Mutschler has heard that the reason NYHS doesn’t do anything formal is because students already receive outside education. “I was also told that because it’s a Jewish school it’s unique where you all have grown up learning about this from a young age and so you have a pretty intense exposure to Holocaust education,” Mutschler said.
This is not necessarily true. Sophomore Jenna Kaufthal, whose great-grandparents survived the Holocaust, feels NYHS students lack knowledge. “[We] are missing basic Holocaust education that even public schools teach just because it is part of history,” Kaufthal said. “It should be just as much a priority to have a semester be taught on the Holocaust as it is to teach Tanach, as both are a huge, impactful part of the Jewish people’s history.”
NYHS students come to the school with a range of backgrounds and therefore with different levels of Holocaust knowledge.

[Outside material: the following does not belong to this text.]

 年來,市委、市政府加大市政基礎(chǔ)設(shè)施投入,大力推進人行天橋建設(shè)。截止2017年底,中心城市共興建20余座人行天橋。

However, the majority of students are graduates of Seattle Hebrew Academy, where Head of School Rivy Kletenik focuses on positive messages learned from the Holocaust rather than somber ones. “There are some kids — and I’ve seen in happen more in high school – when they are immersed in Holocaust study, it becomes such a burden, and they don’t want to relate to anything Jewish anymore,” Kletenik said. “In elementary school it’s very important to not frighten, scare the children.”
Chaya Elishevitz, principal of MMSC, the Chabad-Lubavitch day school in Seattle, takes a slightly different approach. She believes Holocaust education should celebrate the current success of the Jewish people. “We look at it from a perspective of how lucky we are, we don’t have to endure what our grandparents endured,” Elishevitz said. “We are able to take the lessons – the sacrifice – that they have done and proudly be Jews.” The students also utilize Seattle Holocaust Center resources, and Elishevitz said the teachers receive training at the Center.

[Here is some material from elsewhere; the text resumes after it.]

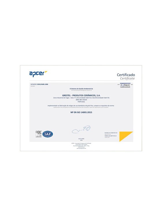 O grés utilizado representa qualidade, estética, design, durabilidade e sustentabilidade. A nossa fórmula original, resultante de uma junção de argila com uma superfície envidraçada, aumenta a durabilidade das peças. Portanto, a vida útil dos nossos produtos destaca-se face a outras cerâmicas, o que evita a sua rápida substituição e minimiza o consumo de recursos.
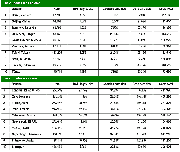 -el precio medio de dos taxis (ida y vuelta) Los precios de hotel indican el coste medio de una habitación doble en hoteles de cuatro estrellas que pueden encontrarse en TripAdvisor (a través de páginas web colaboradoras de reservas como agencias de viaje online o proveedores directos de hoteles) en cada destino para el periodo de verano (1 de junio al 31 de agosto 2012).

To begin introducing NYHS to formal Holocaust education, Mutschler believes NYHS should implement what she calls an “intentional scope and sequence” in the ninth grade world history course.

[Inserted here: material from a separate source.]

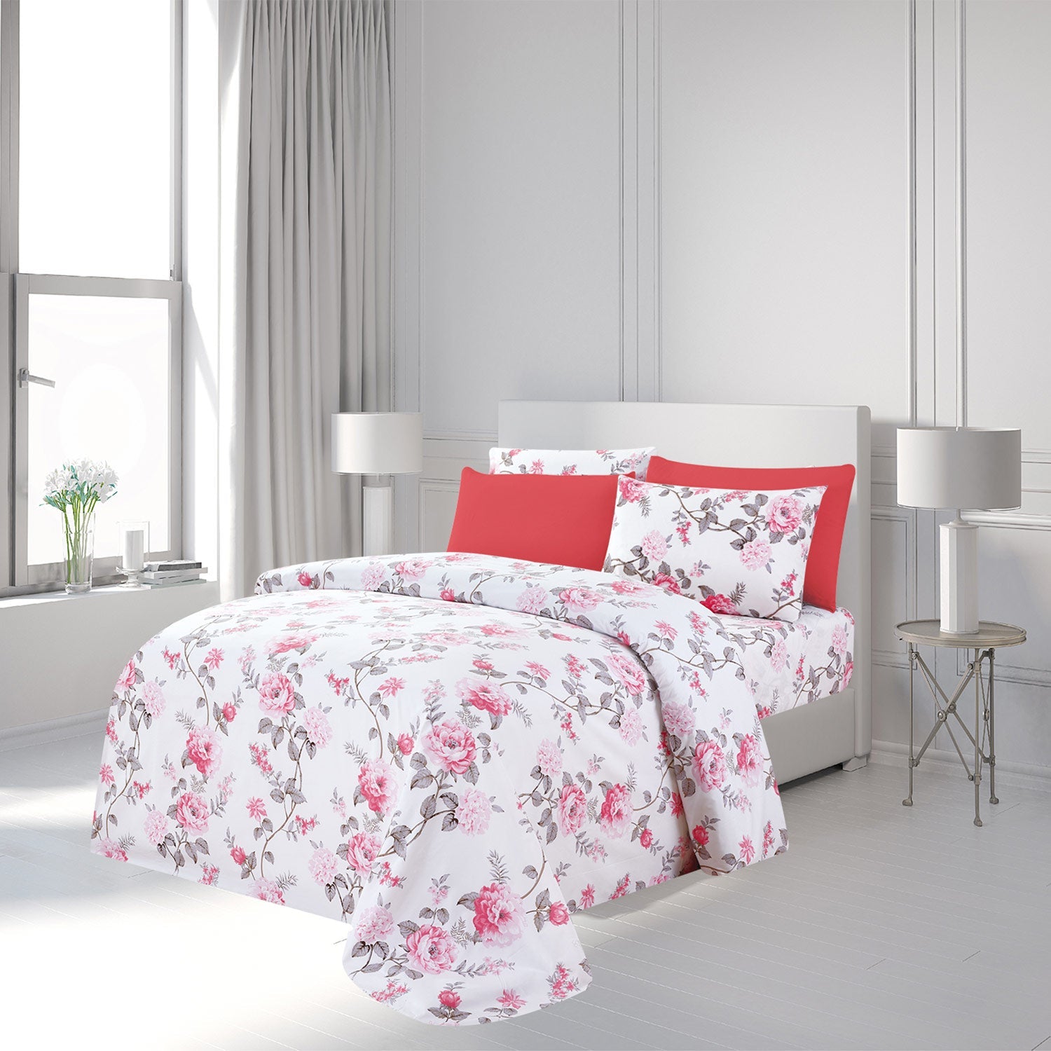 Add a designer accent to any bedroom in your home with the Premius Rose premium luxurious wrinkle-free microfiber sheet set. Perfectly update to bring beauty and grace to any room decor. This super soft and cozy sheet set features beautiful printed pink roses on gray leaves and vines on a white background that will bring life into your sleep space. Coordinating shams with the printed floral design pair beautifully with the sheet set with two extra solid colored pillow cases that completes the ensemble. Comes with a full length flat sheet and a 15 inch deep pocket fitted sheet. This modern printed sheet set is made of incredibly soft and durable 2000 series microfiber fabric. The fabric is durable, breathable, and water repellent. It is resistant to wrinkling, staining, abrasion, or sunlight. This set is also machine washable to promote easy maintenance. The sheet set will make an ideal addition to almost any bedroom decor that embodies timeless style and sophistication. Great for either an adult room, a child bedroom, or a guest room. This super soft sheet set has a look that is sure to add a touch of elegance and a new look to any room. The sheet set will make an ideal addition to almost any bedroom decor that embodies timeless style and sophistication. CARE: Machine wash separately in warm water. Do not bleach. Remove and fold. May require light ironing. SIZE: King. INCLUDES: (1) Fitted Sheet: 78x80+15 Inches, (1) Flat Sheet: 106x102 + 4 Inches, (2) Pillow Shams: 20x40 Inches, (2) Solid Pillow Shams: 20x40 Inches. Queen. INCLUDES: (1) Fitted Sheet: 60x80+15 Inches, (1) Flat Sheet: 90x102 + 4 Inches, (2) Pillow Shams: 20x30 Inches, (2) Solid Pillow Shams: 20x30 Inches. Full. INCLUDES: (1) Fitted Sheet: 54x75+15 Inches, (1) Flat Sheet: 80x96 + 4 Inches, (2) Pillow Shams: 20x30 Inches, (2) Solid Pillow Shams: 20x30 Inches. Twin. INCLUDES: (1) Fitted Sheet: 39x75+15 Inches, (1) Flat Sheet: 66x96 + 4 Inches, (1) Pillow Sham: 20x30 Inches, (1) Solid Pillow Sham: 20x30 Inches. MATERIAL: Microfiber Polyester. COLOR: Pink-White

Feld takes this even further, saying that multiple classes should cover the topic. “We should be learning about [the Holocaust] or contextualizing it in Torat chaim, in history, in Modern Middle East, in senior seminar,” Feld said. “Different aspects of it should be covered throughout the four years of high school and should be intentionally incorporated into the curriculum of both Judaics, general studies, and student life on campus.”
The purpose for Holocaust education, Mutschler believes, is to learn lessons about hatred, morality, and ultimately what it means to be human. “Holocaust and genocide education is important because that’s basic moral human rights, racism, discrimination, what happens when power is in the hands of a nation minority or majority. All of those basic human morality questions are kind of the purpose of education in my opinion,” Mutscher said. “As educators, what we choose not to teach is just as important as what we chose to teach. What we value – the history that we value – is reflected in the choices we make. So if something’s missing, it begs the question why.”
Feld hopes to bring next year’s senior class to Poland and Israel, and ideally see the trip continue for many years (despite next year being Feld’s last at NYHS). “At the conclusion of what for many kids is their formal Jewish education, as a group, together, it’s important to go through the journey of bearing witness in Poland,” Feld said. “It’s one thing to learn about something, but it’s very different to experience it firsthand — not just the Shoah, but centuries prior to that, the yeshivot, the shtetls, the Chassidic movement, to see what was and what was lost is very heavy and very meaningful.”
Max Glauben, the Majdanek survivor mentioned at the beginning of this story, passed away on Yom HaShoah at age 94. May his memory be a blessing.